Genelkurmay Başkanı 'Polemiğe girmem' dedi ancak söylediklerinin, tartışma doğurmaması, cevabının verilmemesi mümkün değildi. Polemiğe neden olacağı aşikardı. Nitekim cevap da gecikmedi. Dün Büyükanıt'a ilk eleştiri MHP lideri Devlet Bahçeli'den geldi. İnandırıcılığını vurgulamak için 'Üniformamı çıkarırım' demesine rağmen söylediklerinin Bahçeli'yi hiç de tatmin etmediği görüldü. MHP lideri harekat süresince Genelkurmay Başkanlığı'nın internet sitesinden yayınlanan açıklamalara itiraz etti. Gerekçesi ise çok ağır; 'Bu açıklamalarda teröristleri uluslararası kamuoyunda gerilla sıfatına sokacak terimler kullanıldı. TSK açıklamasındaki bazı ifadeler PKK'ya itibar kazandırıyor. Muhabere ve lojistik tesisi gibi kavramların kullanılması teröristleri savaşan taraf gibi gösterdi.' Bahçeli lafı hiç dolandırmadan Genelkurmay'ı PKK'ya itibar kazandırmakla itham etti. MHP lideri pek haksız değil. Genelkurmay'ın açıklamalarında çok daha özenli dil kullanması gerekmez mi? Üslup, içerik kadar önemli. Benzer dağınıklık ve üslupsuzluk 27 Nisan bildirisinde de gözlenmişti.

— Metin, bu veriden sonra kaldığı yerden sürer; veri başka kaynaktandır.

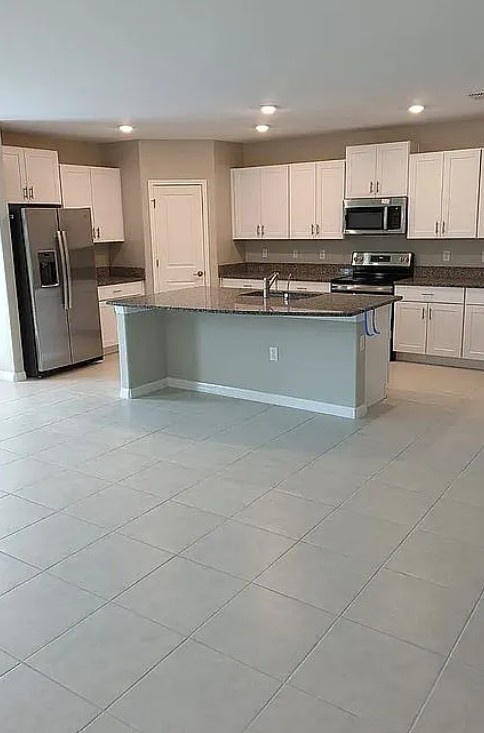 The open-concept layout is perfect for everyday living and entertaining, featuring ceramic tile flooring throughout the first floor and a stylish kitchen with stainless steel appliances.
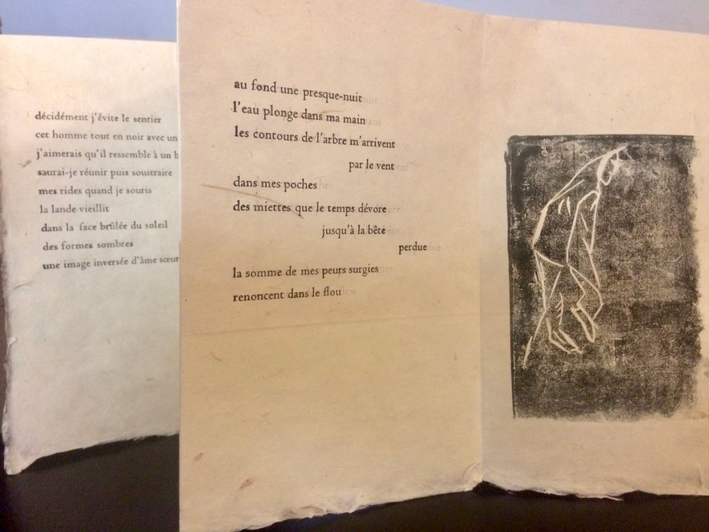 livres composés au plomb mobile, achevés d’imprimer sur les presses de Coat Malguen, dans l’atelier de l’éditrice Isabelle Sauvage

MHP'nin ardından gözler CHP'ye çevrildi. Baykal'ın, Büyükanıt'ın sözlerini cevapsız bırakması düşünülemezdi. Doğrusu CHP liderinin bu kadar sert ve ağır konuşacağını ummuyordum. Sözlerinin dozu grup salonlarının alışık olduğu 'İktidar-muhalefet' atışmalarının çok ötesine geçti. Belli ki Baykal, Büyükanıt'ın kendisine yönelik sözlerine çok alınmıştı. Sık sık 'kimse kızmasın' diyerek başladığı cümleleri doğrudan Genelkurmay Başkanı'nı hedef aldı.
CHP lideri 'kara harekatının neden aniden bittiği' sorusunun ortada olduğunu söyledi. 'Üniformamı çıkarırım' vurgusuna rağmen Büyükanıt'ın açıklamalarını ikna edici olmaktan uzak ve yetersiz buldu. Operasyonun başında ve sonunda ABD'nin etkisini uzun uzun anlattı. İspat isteyen Büyükanıt'a 'Bunlar çok açık' dedi. Baykal'ın konuşmasını dikkatle dinlerken o kadar ileri gitti ki bir an 'Haydi üniformanı çıkar' diyecek zannettim. Şu ifadeler de Genelkurmay Başkanı'nın dünkü sözlerine cevap niteliğinde; 'Ne hakla konuşuyorsun dersen. Anamuhalefet lideriyim ben. Milletin vekiliyim ben. O harekatı başlatan tezkerenin altında benim de imzam var.' Baykal'ın Büyükanıt'a cevap niteliği taşıyan sözleri grup konuşmasının büyük bölümüne damgasını vurdu. Sık sık milletvekillerinin hararetli alkışlarıyla kesildi. O kadar ki ayağa fırlayanlar oldu.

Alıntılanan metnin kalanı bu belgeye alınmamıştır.